COLLECTED DATA:
----

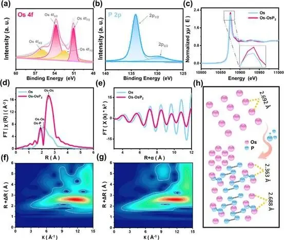 图2. Os-OsP2的XPS谱图 a) Os4f。b) P2p。c) Os L3边XANES以及d) Os箔和Os-OsP2相应的EXAFS谱图。e) Os-OsP2中的Os L3边EXAFS振荡。f) Os和g) Os-OsP2的EXAFS信号的WT。h) Os和Os-OsP2的模型示意图。
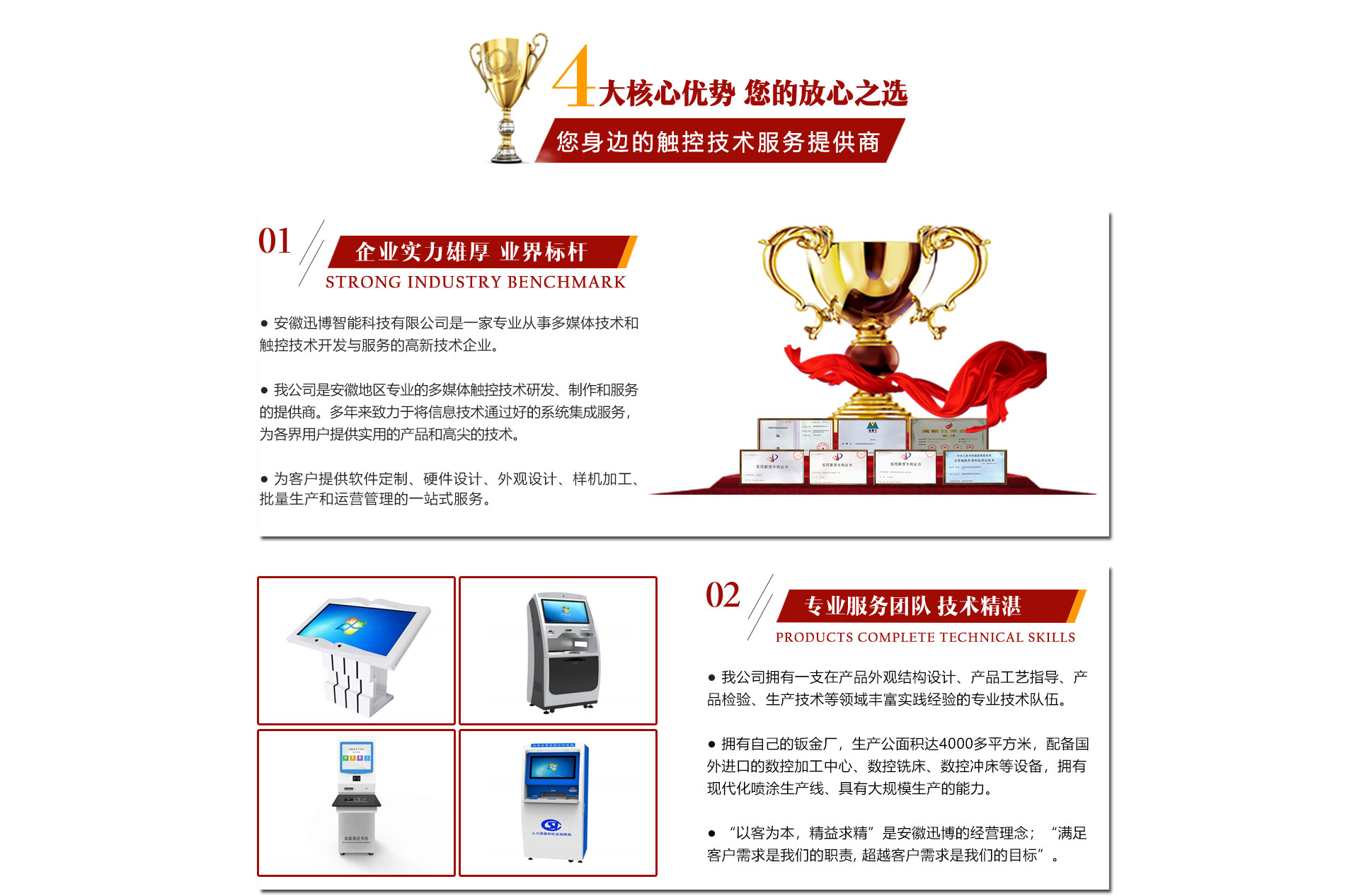 迅博科技 位于中國科教城---合肥市,地處合肥市肥西縣湯口路與皋城路交口西北角人民萬福產(chǎn)業(yè)園一期12棟,是一家計(jì)算機(jī)信息領(lǐng)域的高新技術(shù)企業(yè)公司,全心全意服務(wù)于信息化建設(shè),做信息化提供商,全力打造信息時(shí)代新模式。引進(jìn)了現(xiàn)代企業(yè)管理模式和完善的競爭、激勵(lì)機(jī)智,既具備國有企業(yè)的信譽(yù),又兼?zhèn)渑ζ床⒁恢孪蛏系木瘛Q覆┛萍?擁有多項(xiàng)軟件著作權(quán)證書和多項(xiàng)硬件技術(shù)證書同時(shí)也是一家高新技術(shù)企業(yè),注冊資本達(dá)500萬,辦公面積近1500平米,同時(shí)有合資在杭州成立自己的4000多平米的鈑金廠,公司擁有一支實(shí)力、富有經(jīng)驗(yàn)的計(jì)算機(jī)和信息技術(shù)隊(duì)伍和市場營銷隊(duì)伍,技術(shù)人員都有很強(qiáng)的背景和豐富的實(shí)踐經(jīng)驗(yàn)。一貫注重與...
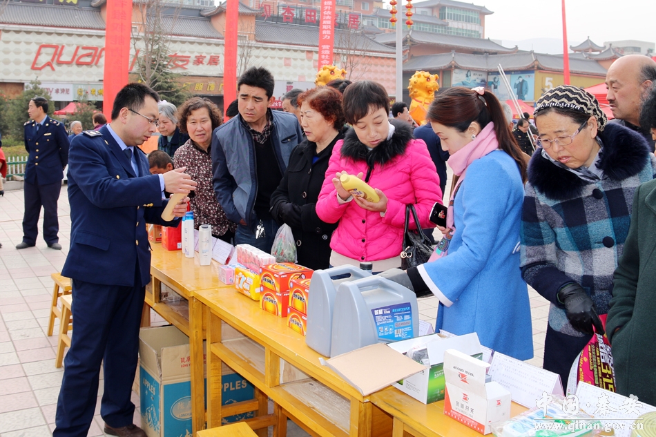 3月15日,由秦安县委宣传部、县文明办、县工商局、县消费者协会主办,县质监局、县商务局、县住建局、县食药监局、县烟草专卖局等有关部门、名优企业协办的以“携手共治 畅享消费”为主题的纪念“3.15国际消费者权益日”宣传活动在秦安县兴国广场隆重举行。

----

REQUIRED WORK: Beginning with the line that contains "迅博科技 位于中國科教城---合肥市,地" and ending with the last line of the data, transcribe each line exactly; pictures stay out.

RESPONSE TO THIS EXERCISE:
 迅博科技 位于中國科教城---合肥市,地處合肥市肥西縣湯口路與皋城路交口西北角人民萬福產(chǎn)業(yè)園一期12棟,是一家計(jì)算機(jī)信息領(lǐng)域的高新技術(shù)企業(yè)公司,全心全意服務(wù)于信息化建設(shè),做信息化提供商,全力打造信息時(shí)代新模式。引進(jìn)了現(xiàn)代企業(yè)管理模式和完善的競爭、激勵(lì)機(jī)智,既具備國有企業(yè)的信譽(yù),又兼?zhèn)渑ζ床⒁恢孪蛏系木瘛Q覆┛萍?擁有多項(xiàng)軟件著作權(quán)證書和多項(xiàng)硬件技術(shù)證書同時(shí)也是一家高新技術(shù)企業(yè),注冊資本達(dá)500萬,辦公面積近1500平米,同時(shí)有合資在杭州成立自己的4000多平米的鈑金廠,公司擁有一支實(shí)力、富有經(jīng)驗(yàn)的計(jì)算機(jī)和信息技術(shù)隊(duì)伍和市場營銷隊(duì)伍,技術(shù)人員都有很強(qiáng)的背景和豐富的實(shí)踐經(jīng)驗(yàn)。一貫注重與...
 3月15日,由秦安县委宣传部、县文明办、县工商局、县消费者协会主办,县质监局、县商务局、县住建局、县食药监局、县烟草专卖局等有关部门、名优企业协办的以“携手共治 畅享消费”为主题的纪念“3.15国际消费者权益日”宣传活动在秦安县兴国广场隆重举行。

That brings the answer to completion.